* [Task description] Extract from the entries below, exactly as given, only the lines from the line containing "5. Sosunu hazırlıyalım: yoğurdu, mayonezi" to the line containing "ZARA ПЛАТЬЕ ИЗ", both lines included.

* [Records for this task]
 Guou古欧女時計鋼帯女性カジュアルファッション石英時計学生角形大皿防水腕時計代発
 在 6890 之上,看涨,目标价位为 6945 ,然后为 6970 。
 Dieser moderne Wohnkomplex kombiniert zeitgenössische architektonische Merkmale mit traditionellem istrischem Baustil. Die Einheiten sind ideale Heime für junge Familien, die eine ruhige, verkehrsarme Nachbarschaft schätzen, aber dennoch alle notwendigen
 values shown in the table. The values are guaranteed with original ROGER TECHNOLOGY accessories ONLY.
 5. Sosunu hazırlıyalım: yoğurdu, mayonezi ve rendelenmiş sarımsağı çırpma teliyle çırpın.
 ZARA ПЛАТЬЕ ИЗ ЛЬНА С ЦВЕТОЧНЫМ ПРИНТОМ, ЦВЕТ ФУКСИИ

--

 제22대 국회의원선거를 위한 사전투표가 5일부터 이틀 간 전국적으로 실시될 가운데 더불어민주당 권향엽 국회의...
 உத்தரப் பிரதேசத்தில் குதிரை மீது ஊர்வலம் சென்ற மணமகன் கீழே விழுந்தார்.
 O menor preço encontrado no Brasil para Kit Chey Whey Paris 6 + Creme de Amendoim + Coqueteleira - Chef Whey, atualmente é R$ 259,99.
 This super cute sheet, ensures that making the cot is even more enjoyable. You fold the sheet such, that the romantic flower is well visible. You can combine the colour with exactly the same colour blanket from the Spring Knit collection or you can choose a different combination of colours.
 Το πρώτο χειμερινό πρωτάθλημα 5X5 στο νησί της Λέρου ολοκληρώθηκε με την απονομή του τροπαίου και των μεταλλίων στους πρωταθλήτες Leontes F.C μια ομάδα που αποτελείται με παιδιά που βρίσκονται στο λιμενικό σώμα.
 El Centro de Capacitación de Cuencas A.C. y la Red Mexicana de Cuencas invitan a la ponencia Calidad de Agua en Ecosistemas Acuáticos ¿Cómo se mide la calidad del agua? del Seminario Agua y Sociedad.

* [Output for this exercise]
 5. Sosunu hazırlıyalım: yoğurdu, mayonezi ve rendelenmiş sarımsağı çırpma teliyle çırpın.
 ZARA ПЛАТЬЕ ИЗ ЛЬНА С ЦВЕТОЧНЫМ ПРИНТОМ, ЦВЕТ ФУКСИИ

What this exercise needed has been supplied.